Nick Dearden of UK-based Global Justice Now reflected on The Real News that the TTIP galvanized a broad-based opposition by showing how corporate power affected every facet of people’s daily lives, and became a

fundamental symbol of how a whole economy has been geared up to…making corporate profits above everything else. And the so called rights of corporations to go wherever they want and do what they want and invest however they want…. I think TTIP was simply a symbol of that that appeared at the right time.

According to Arthur Stamoulis of US-based advocacy coalition Citizens Trade Commission, the hope coming out of the TTIP collapse is also a call for grassroots campaigners to reframe the debate to not only push back against free trade but to pursue alternatives:

I wish that Brexit and the popular uprisings against TTIP and the TPP would send a message to policymakers that it’s time for a new model for global economic integration that puts workers, communities and the environment first.… It’s going to require continued struggle before our movements see positive changes.
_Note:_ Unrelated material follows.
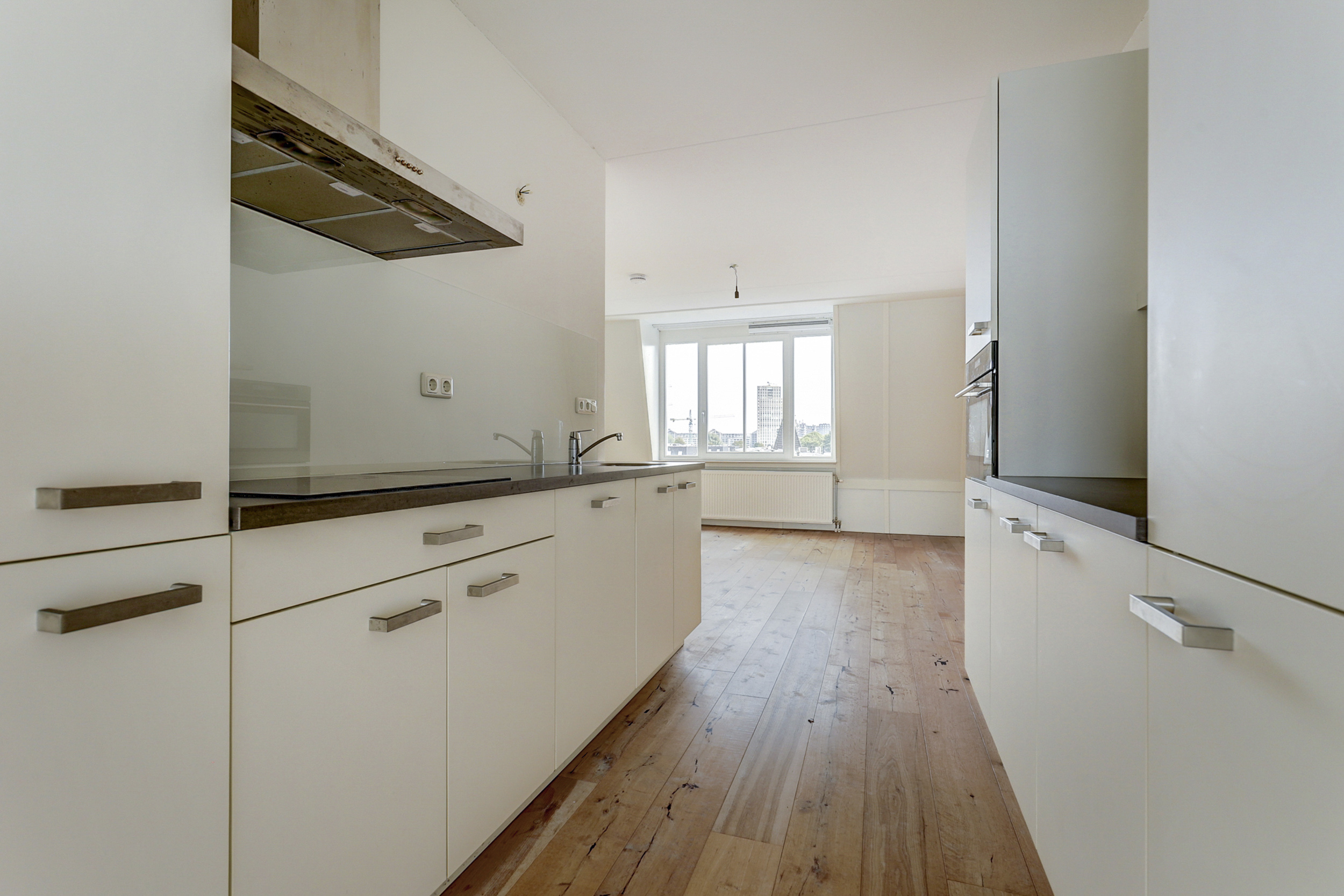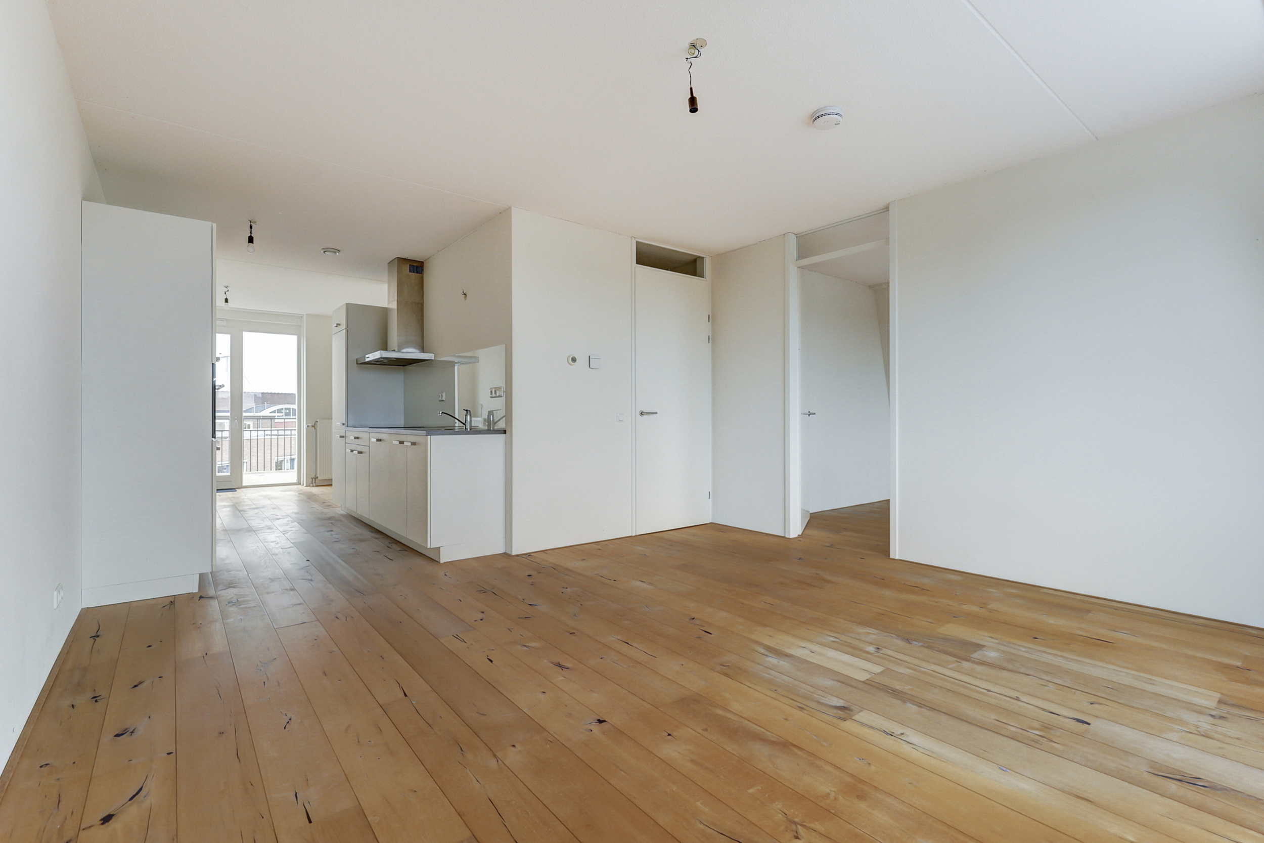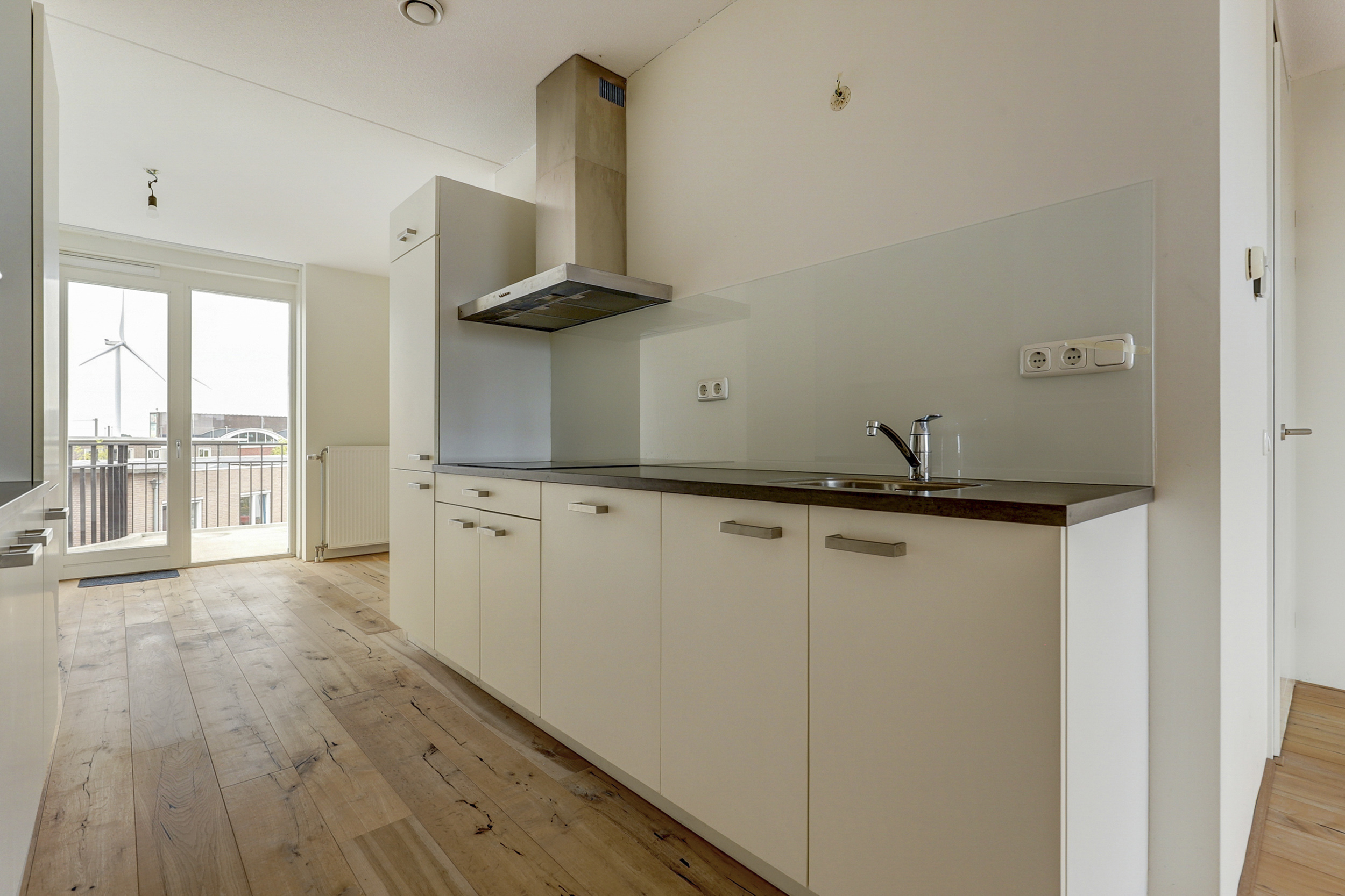 De indeling is verrassend praktisch: de woonkamer ligt aan de achterzijde, de eetkamer aan de voorzijde en daartussen bevindt zich de complete keuken. De woonkamer heeft een groot raam, strakke wanden en een lamelparketvloer. De eetkamer beschikt over een royale pui met draaikiepdeur naar het balkon. Dit balkon van ca. 11 m² heeft een elektrapunt en biedt een weids uitzicht over de wijk – een fijne plek om te genieten.

Post-TTIP, activists can look ahead to next steps in playing both offense and defense on free trade: In the immediate term, this involves resisting future trade deals, such as another pending trade deal between Canada and the European Union. However, the long term challenge will be moving beyond merely resisting bad deals and toward constructing a new deal for civil society: an alternative plan for economic globalization prioritizing human rights, equitable development, health, and environmental protection—developing alternative systems of industrial production, and strengthening democratic civil-society institutions. The TTIP collapsed because it arrived at just the right time to spark public outrage; but real victory will come when society realizes there will never, ever be a right moment to put profits above people.

Editor’s note: This article has been updated to reflect recent reports on the nature of the ongoing Transatlantic trade talks. Since this article was published, tens of thousands of people came out to protest TTIP in several cities across Germany, on September 17.